Posté par Rémi Begouen le 17 mai 2010
Une bonne moitié – au pifomètre - est attribuée à ‘la littérature générale’, classée à peu près par ordre alphabétique des noms d’auteurs (romanciers, essayistes, dramaturges, poètes…). Autres rayons :
- Ceux de la poésie, avec un beau rayon de la précieuse collection de Seghers ‘Poètes d’aujourd’hui’ et beaucoup de petites publications (qui seraient perdues dans les rayons alphabétisés… d’ailleurs où mettre des brochures de recueils de divers auteurs ?).
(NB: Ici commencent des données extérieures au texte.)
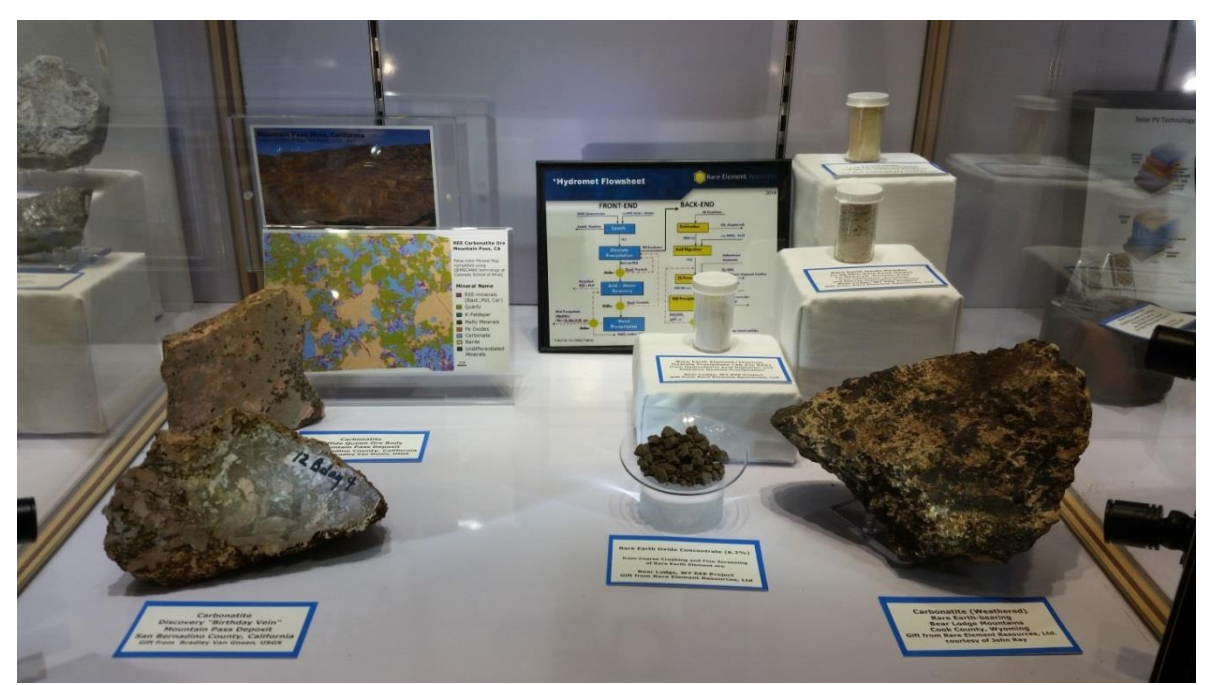
Figure 4. Ore samples from the Mountain Pass, CA rare earth mine (donated by USGS, Brad Van Gosen) and ore samples and metallurgical testing samples from the Bear Lodge, WY rare earth deposit (donated by Rare Element Resources).

The exhibit was able to come to life only from the many contributors who have given items for display along with their time and expertise. An estimated 88% percent of items on display were donated, loaned or already in the museum's collection (Appendix B). Over 120 hours of expertise were given from volunteers and partners (Appendix A). All donors and volunteers were recognized at the "soft" and "grand" opening receptions, and all donated items on display show acknowledgement of the gift or loan from the donor (Appendix B). The estimated total cost of the exhibit is valued at $87,313; of which $29,508 of donated goods, donated time and expertise, and discounts are included. This does not include the time and/or salaries of the three exhibit developers. Both totals are conservative amounts, given that the values of 31 out of 71 donated and loaned items plus some specimens from the museum's collection are unquantifiable; these are priceless, one-of-a-king materials, and include such items as ore samples (Fig. 4), research samples (Fig. 5a, b), metallurgical samples (Fig. 4), demo phones (Fig.6), and dead batteries (Fig. 6). In many instances, these items can only be attained from strategic partnerships.

- Ceux des essais ou documents sur la société, l’écologie, etc. dont j’ai extrait récemment une sous catégorie, tant elle prenait de place, consacrée au ‘monde arabe’ en général, et en particulier au Moyen-Orient (je dois ce remaniement salvateur à un petit meuble à étagères, trouvé dans la rue et que j’ai ramené chez moi avec l’aide d’un jeune qui était par là… et qui fut assez maladroit – tant il était pressé de rejoindre sa copine – pour me faire chuter sur une arête de trottoir… mais c’est une autre histoire, comme c’est une autre histoire de vous confier que la moitié de mon ameublement vient de ‘récup’, et l’autre de bricolages ‘perso’…)
- Ceux des ‘beaux livres’, je veux dire plus simplement de documents sur des artistes peintres ou sculpteurs, et bien plus encore de photographes, mon autre passion avec la poésie. Et cela cohabite avec mes ‘monstrueuses’ archives mal rangées de milliers de mes propres photos (je solde !), datant d’une époque de 30 ans où je me croyais photographe en plus de me croire poète – avec le concept de ‘phoète’ (dont je devrais faire un essai de 500 pages !).
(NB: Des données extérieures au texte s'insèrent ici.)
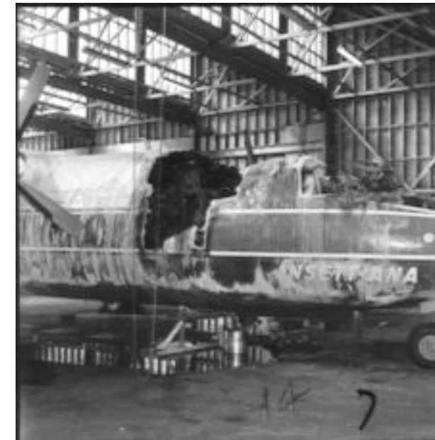
Above: The burnt-out shell of the aircraft sits in the hangar. A great piece of detective work using early profiling techniques led to the arrest of the arsonist.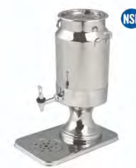
Stainless Steel Milk Dispenser 5.3qt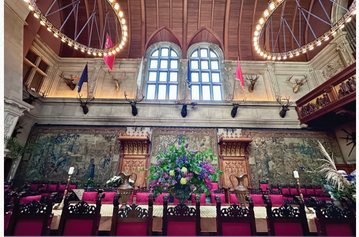
Tour the remarkable Biltmore Estate!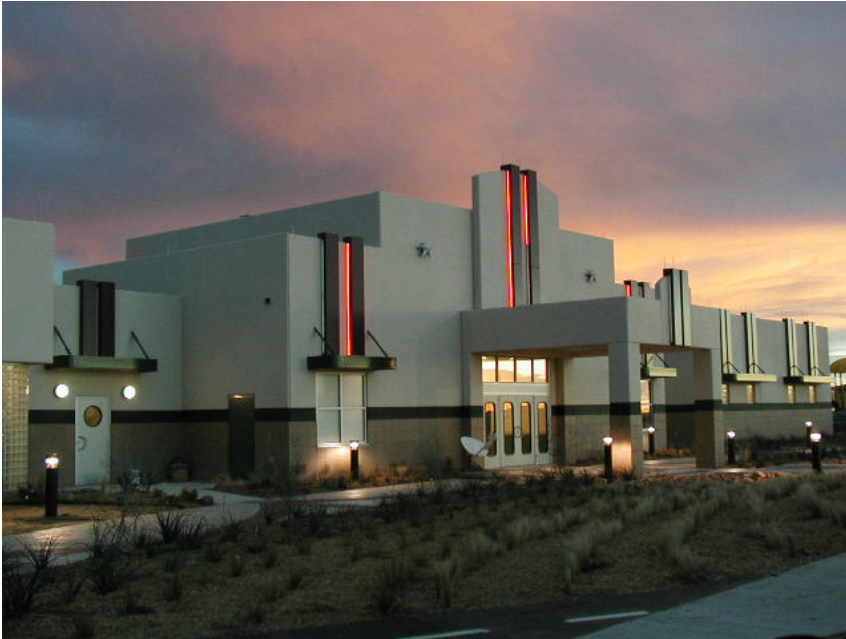
New TxDOT Rest Area on I-40 between Amarillo and Oklahoma state line

Et puis il y a bien sûr divers dictionnaires et atlas, cela va de soi, et ‘Le Livre de la Nature’. Inclassable. Avant d’en dire plus, quelques mots sur le comment j’ai connu ce bouquin et comment j’ai pu l’avoir. Nous vivions en communauté libertaire à Vincennes, vers 1970. J’avais ma compagne et mon copain D. avait la sienne, on s’entendait fort bien, nous tous et en particulier nous quatre. Bon. Et puis les choses se compliquent. D, instituteur, avait ce livre que je découvrais, seul dans la salle commune, cependant que le couple ami, de l’autre côté du mur, faisait grand bruit. La compagne de D fit soudain irruption, presque nue, jusque dans mes bras… Je passe… D et moi sommes restés bons amis, bien que sa compagne devienne la mienne, plus tard… Plus tard, je cherchais ce bouquin, introuvable, car ‘retiré de la vente puisque dépassé par le progrès de la science’, sic. J’ai fini, têtu, par aller chez Flammarion, enquêter. Un archiviste a entendu ma plaidoirie, m’a emmené dans les sous-sols et m’a montré une caisse pleine de cet ouvrage destiné au pilon. Ouf, merci, il m’en a discrètement donné un exemplaire (j’aurais dû en demander 2 ou 3 pour le même prix…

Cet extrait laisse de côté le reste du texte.